Directions: Pictures stay out; everything else in the records below is to be repeated exactly.

Material supplied:
== Segment start ==

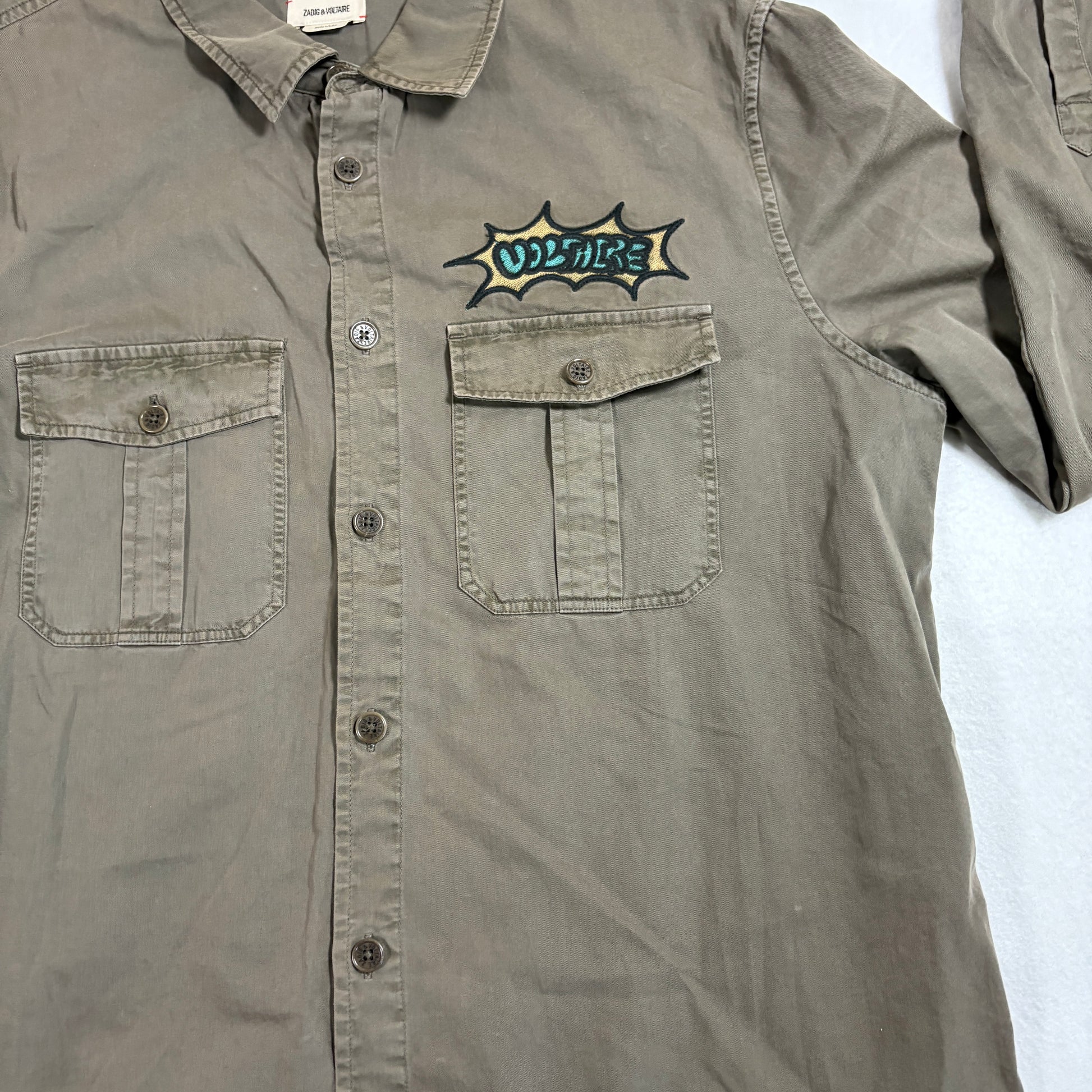 Zadig Voltaire Mens Button Up Shirt Large Khaki Military Embroidered Skull Vintage
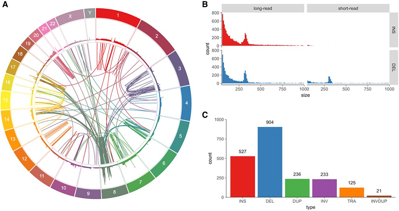 Variants found in SK-BR-3 with PacBio long-read sequencing. (A) Circos (Krzywinski et al. 2009) plot showing long-range (larger than 10 kbp or inter-chromosomal) variants found by Sniffles from split-read alignments, with read coverage shown in the outer track. (B) Variant size histogram of deletions and insertions from size 50 bp up to 1 kbp found by long-read (Sniffles) and short-read (SURVIVOR 2-caller consensus) variant calling, showing similar size distributions for insertions and deletions from long reads but not for short reads, where insertions are greatly underrepresented. (C) Sniffles variant counts by type for variants above 1 kbp in size, including translocations and inverted duplications.
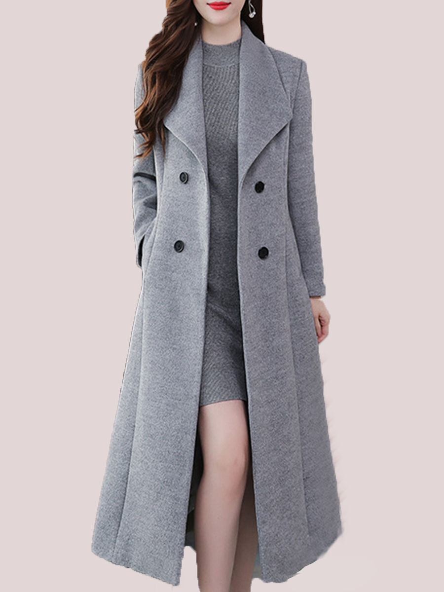 Lapel Plain Patch Pocket Single Breasted Long Woolen Coat
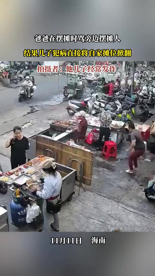 爸爸在摆摊时骂旁边摆摊人,结果儿子犯病直接将自家摊位掀翻
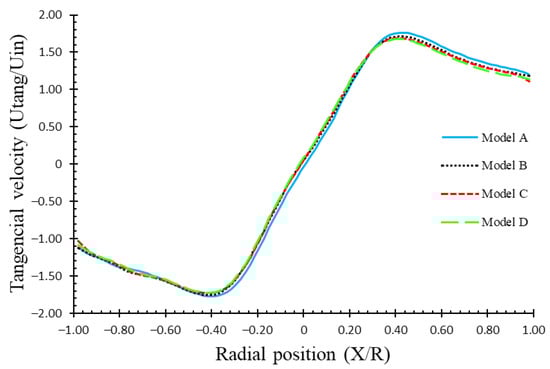 Tangential velocity is the most important parameter regarding flow velocity because it has a great impact on the separation efficiency since it determines the magnitude of the centrifugal force produced in the cyclone [11,22]. Figure 7 illustrates the tangential velocity profiles for all the cyclone models in a 217.5 mm axial station. According to the profiles, it is seen that this model, a Rankine vortex, which is made of an internal forced vortex with a tendency to rotate like a solid, where tangential velocity increases radially from the central axis of the cyclone, as well from a free external vortex, where tangential velocity values decrease as the radial distance increases [10,22]. Besides that, when the values and the shape of the profiles are analyzed between the models, it can be concluded that the flow in cyclones B, C, and D are not affected by the cavities in its cylindrical section, since its velocity profile is similar to model A. However, when the profiles are observed in detail, a decrease in the maximum value of the tangential velocity of cyclones B, C, and D can be seen, thus demonstrating a reduction in the intensity of the swirl in these models regarding Model A, as a result of the flow control technique used.
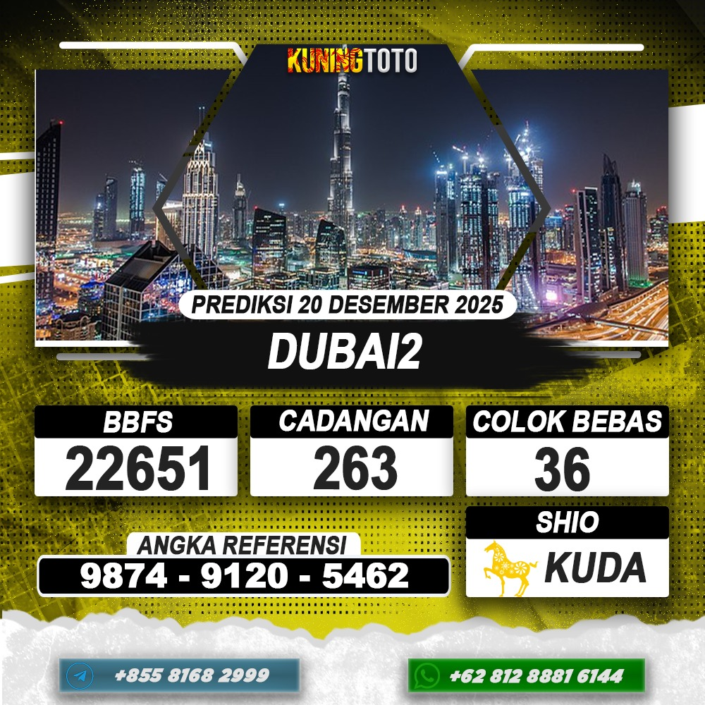 PREDIKSI TOGEL DUBAI2 20 DESEMBER 2025 – Selamat Datang di Situs Prediksi Togel Online Akurat dan Resmi KUNINGTOTO. Permainan Togel atau Toto Gelap ini telah lama menarik perhatian dan banyak dimainkan oleh para bettor. Sejak dulu permainan togel dimainkan dengan memasang taruhan angka dengan bandar darat yang tersedia di daerah masing – masing. Namun sekarang ini dengan perkembangan teknologi yang semakin maju, para bettor bisa menikmati permainan togel secara online. Anda bisa menemukan banyak6ya Situs Bandar Togel Online yang menyediakan layanan pemaangan angka togel secara praktis. Dimana masing – masing situs bandar togel online resmi dan terpercaya tentu menyediakan layanan dan keuntungan yang berbeda – beda untuk Anda.
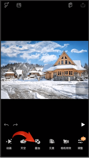 接着在相册中选择你要添加烟雾的图片,再点击底部的【叠加】选项;

== Segment end ==

Result:
 Zadig Voltaire Mens Button Up Shirt Large Khaki Military Embroidered Skull Vintage
 Variants found in SK-BR-3 with PacBio long-read sequencing. (A) Circos (Krzywinski et al. 2009) plot showing long-range (larger than 10 kbp or inter-chromosomal) variants found by Sniffles from split-read alignments, with read coverage shown in the outer track. (B) Variant size histogram of deletions and insertions from size 50 bp up to 1 kbp found by long-read (Sniffles) and short-read (SURVIVOR 2-caller consensus) variant calling, showing similar size distributions for insertions and deletions from long reads but not for short reads, where insertions are greatly underrepresented. (C) Sniffles variant counts by type for variants above 1 kbp in size, including translocations and inverted duplications.
 Lapel Plain Patch Pocket Single Breasted Long Woolen Coat
 爸爸在摆摊时骂旁边摆摊人,结果儿子犯病直接将自家摊位掀翻
 Tangential velocity is the most important parameter regarding flow velocity because it has a great impact on the separation efficiency since it determines the magnitude of the centrifugal force produced in the cyclone [11,22]. Figure 7 illustrates the tangential velocity profiles for all the cyclone models in a 217.5 mm axial station. According to the profiles, it is seen that this model, a Rankine vortex, which is made of an internal forced vortex with a tendency to rotate like a solid, where tangential velocity increases radially from the central axis of the cyclone, as well from a free external vortex, where tangential velocity values decrease as the radial distance increases [10,22]. Besides that, when the values and the shape of the profiles are analyzed between the models, it can be concluded that the flow in cyclones B, C, and D are not affected by the cavities in its cylindrical section, since its velocity profile is similar to model A. However, when the profiles are observed in detail, a decrease in the maximum value of the tangential velocity of cyclones B, C, and D can be seen, thus demonstrating a reduction in the intensity of the swirl in these models regarding Model A, as a result of the flow control technique used.
 PREDIKSI TOGEL DUBAI2 20 DESEMBER 2025 – Selamat Datang di Situs Prediksi Togel Online Akurat dan Resmi KUNINGTOTO. Permainan Togel atau Toto Gelap ini telah lama menarik perhatian dan banyak dimainkan oleh para bettor. Sejak dulu permainan togel dimainkan dengan memasang taruhan angka dengan bandar darat yang tersedia di daerah masing – masing. Namun sekarang ini dengan perkembangan teknologi yang semakin maju, para bettor bisa menikmati permainan togel secara online. Anda bisa menemukan banyak6ya Situs Bandar Togel Online yang menyediakan layanan pemaangan angka togel secara praktis. Dimana masing – masing situs bandar togel online resmi dan terpercaya tentu menyediakan layanan dan keuntungan yang berbeda – beda untuk Anda.
 接着在相册中选择你要添加烟雾的图片,再点击底部的【叠加】选项;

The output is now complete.